Output the number of lines in the material below containing "through" and nothing more.

> **Dataset extract**
=== Section Start ===

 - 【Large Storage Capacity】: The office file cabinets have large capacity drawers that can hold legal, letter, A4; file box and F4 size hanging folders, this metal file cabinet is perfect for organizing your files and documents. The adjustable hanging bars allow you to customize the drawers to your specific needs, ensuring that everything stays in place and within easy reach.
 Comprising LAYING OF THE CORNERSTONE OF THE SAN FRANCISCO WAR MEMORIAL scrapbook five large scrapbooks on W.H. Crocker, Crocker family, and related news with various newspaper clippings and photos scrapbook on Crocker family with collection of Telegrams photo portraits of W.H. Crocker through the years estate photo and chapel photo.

=== Section End ===
=== Section Start ===

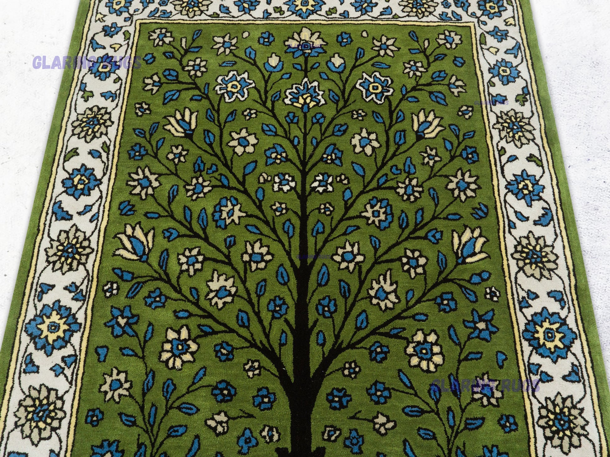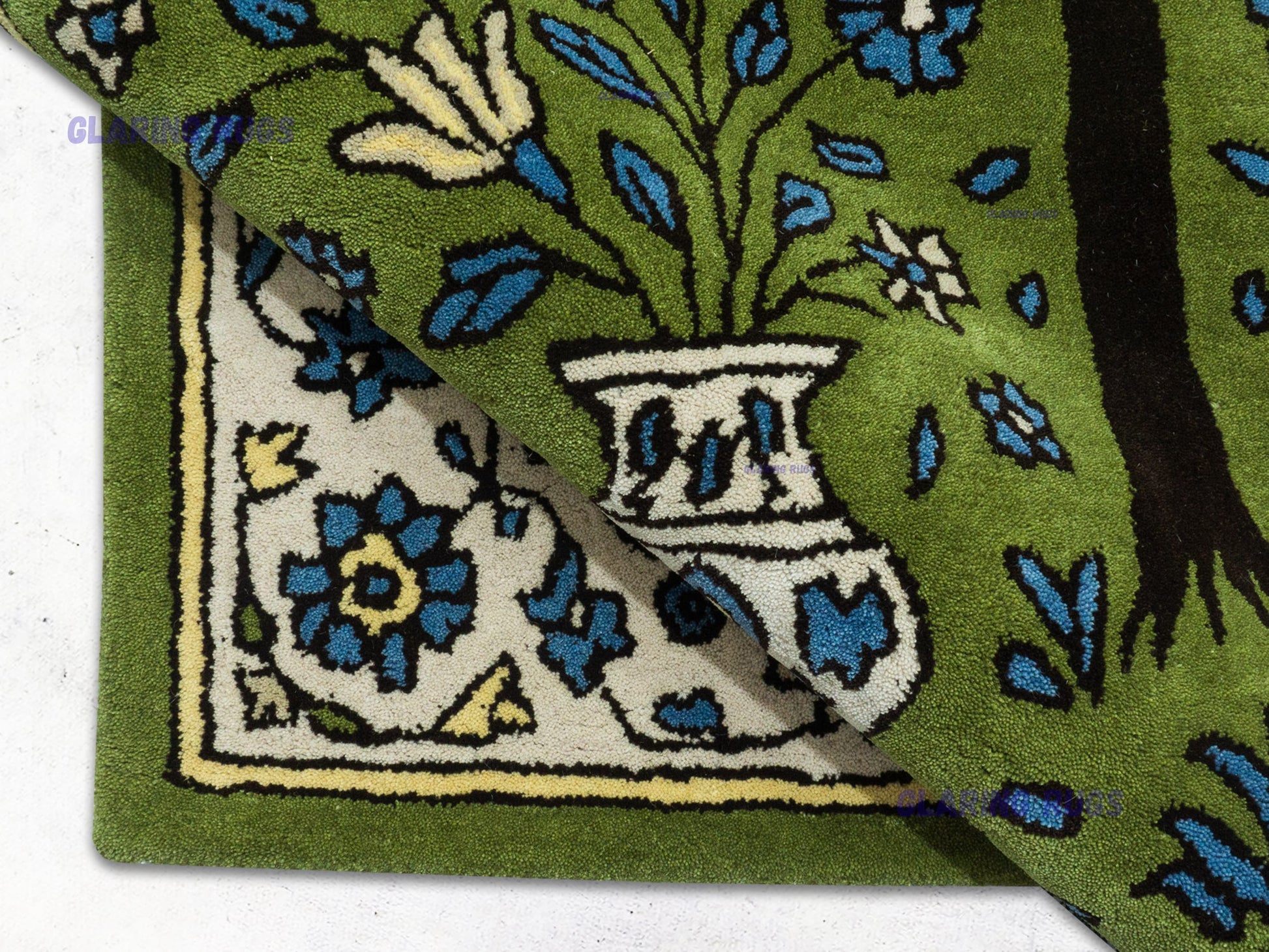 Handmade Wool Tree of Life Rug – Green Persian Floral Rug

=== Section End ===
=== Section Start ===

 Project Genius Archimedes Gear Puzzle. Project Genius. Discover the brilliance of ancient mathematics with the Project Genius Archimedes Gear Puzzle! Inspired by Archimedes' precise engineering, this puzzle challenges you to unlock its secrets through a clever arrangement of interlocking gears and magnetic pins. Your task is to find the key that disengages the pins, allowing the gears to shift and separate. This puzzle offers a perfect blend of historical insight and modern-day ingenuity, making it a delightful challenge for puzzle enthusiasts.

=== Section End ===

> **Solution**
2